Monday, March 23, 2015

Agricultural State

The Economics of California's Drought — The Atlantic

I was surprised to read about how important agriculture is to California, and how thirsty the industry is:
California is known globally for its coastal beaches, mountains, and desert. But the state's most important economic region may be its Central Valley, one of the world's most productive agricultural areas. Virtually all of the almonds, artichokes, lemons, pistachios, and processed tomatoes  grown in the United States originate from the valley, whose productive soil is unmatched elsewhere in the country. California's spinach yield, for example is 60 percent more per acre than in the rest of the United States. The state's marine climate allows it to grow crops like broccoli that wilt in humid climates.
California is the world's fifth-largest supplier of food, a big reason why the state would, if an independent country, be the 7th largest economy in the world.

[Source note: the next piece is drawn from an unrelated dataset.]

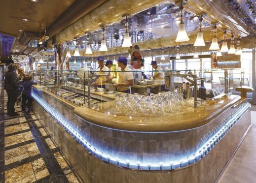На борда има 8 места за хранене и 11 бара. Между тях основен ресторант, пицария, бюфет ресторант на самообслужване, джелатерия Амарило с италиански занаятчийски сладолед, винотека, немска бирария, ресторант Тепаняки с японска кухня.

But California's agricultural output demands a lot of water. Irrigation claims up to 41 percent of the state's water supply, while cities such as Los Angeles and San Francisco demand comparatively little. Crops such as almonds, grown exclusively in California in the United States, consume 600 gallons of water per pound of nuts, more than 25 times the water needed per pound of tomato. These water-intensive crops tend to have high profit margins, providing farmers with an incentive to plant them.